The other man’s voice I’d heard during the fracas with my father turned out to have been that of Dr Hendriks.
‘How dare you try to prevent me from visiting my daughter,’ my father had bellowed at him. ‘I demand to see her immediately.’
‘I’m afraid that won’t be possible, and I must ask you to leave – now,’ Dr Hendriks had answered. He always spoke in calm, measured tones, which I found reassuring, but they must have driven my father into a frenzy of fury – particularly in view of the fact that Dr Hendriks was someone my father would have referred to as ‘a bloody foreigner’.
I couldn’t begin to imagine how enraged my father must have been at being refused access to me, not to mention at being spoken to as if he was ‘just anybody’. He’d have heard on the grapevine that I was remembering things about my childhood, and he must have been anxious to find out what I was saying. I expect he wasn’t too worried, though, because, after all, who was going to believe the word of a crazy woman who’d been committed to a psychiatric hospital against that of a successful businessman, friend to the rich and famous, and well-known pillar of society? My breakdown must have seemed like a godsend to him.

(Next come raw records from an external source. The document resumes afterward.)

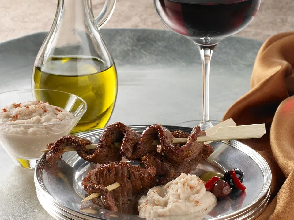 Beef Skewers with Garlicky White Bean Dip Recipe from Beef It’s What’s For Dinner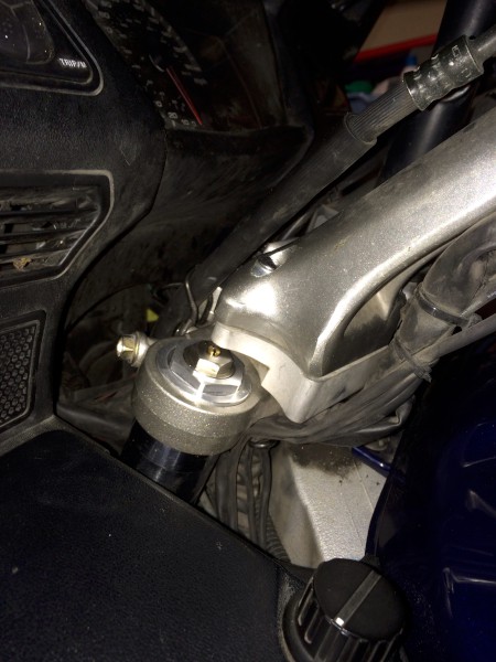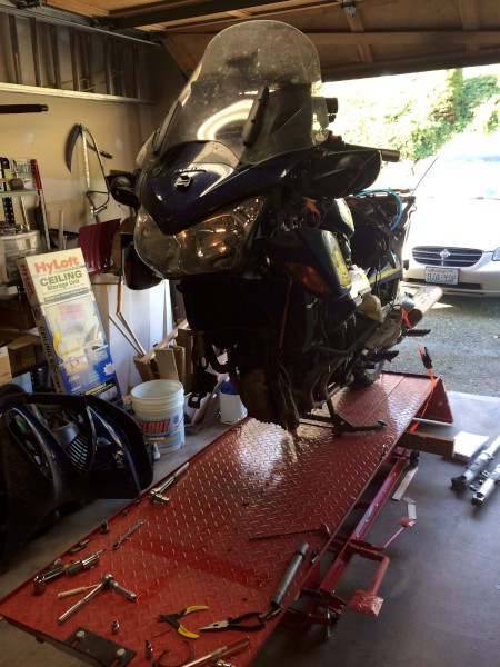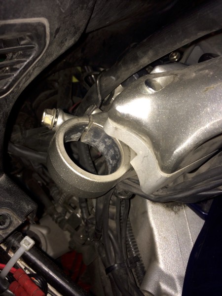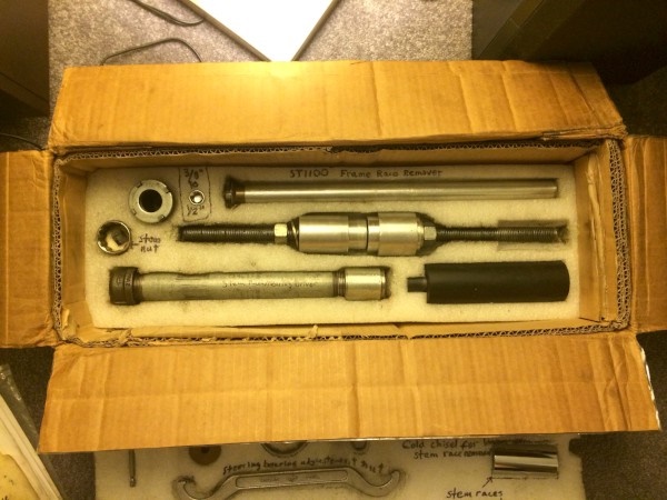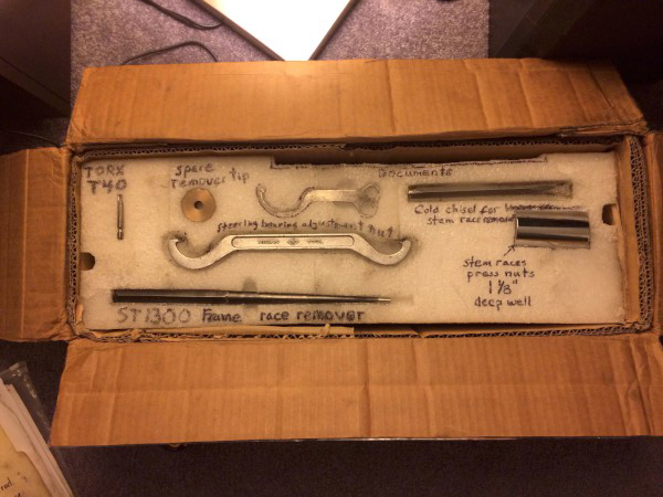 Removing the lower inner race was a bitch! I banged around the interface of the lower dust seal and the lower bridge tree with the cold chisel in the kit. I couldn’t even get it to move for a while. I destroyed the original lower dust seal in the process. Eventually I got the race to move off the surface of the lower bridge. After I had about a 3/16 I tried to lever the race with a large screw driver, but no luck getting it to move. I decided to visit the local dealer to see what they would suggest. The guy at the counter said he’d use a press to push the shaft out of the lower Bridge which would force the lower inner race off the shaft. He said that’s probably what’s in the manual. I don’t think my manual said that?? Anyway, he didn’t have time to look at it so I headed home. I was only able to get the chisel to contact the race in one spot around the circumference which would enable me to hit it down the shaft. Fortunately that was enough to get in moving. Once it was nearly off I could get enough access to the entire race to hit it on spots all the way around the circumference. Installing the new lower, inner race was an easier process thanks to the tool in the kit John supplied. I did have to end up using a maul to get enough impact to get the race seated.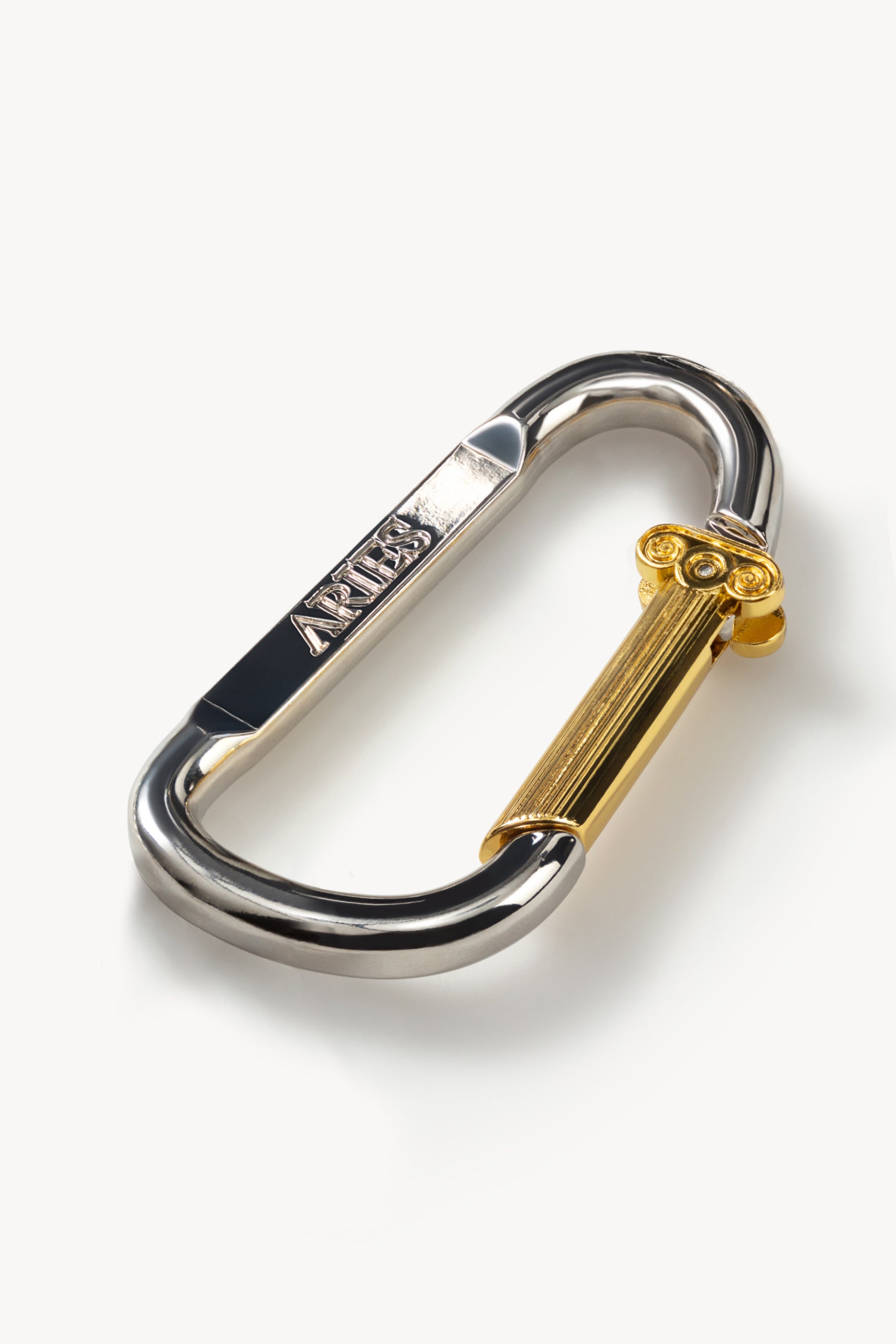 Moulded brass - Silver and gold plated with moulded Aries carabiner as the clip - not for climbing.

After my father had stomped out of the hospital in a rage that day, a nurse handed me the huge, stupid bouquet of flowers he’d left for me. I rammed them into the bin, heads first, snapping their stems and scattering their petals on the floor around me.
I’d always been frightened of my father. Just thinking about him made the hairs on the back of my neck stand up and my stomach start to churn painfully. But, for a moment, that fear had been replaced by hatred, and I felt a deep, childish satisfaction at the thought that, for once, he hadn’t got his own way. I was grateful to the nurses and to Dr Hendriks for standing up to him in a way I’d never seen anyone do before, and for making me feel, briefly, safer.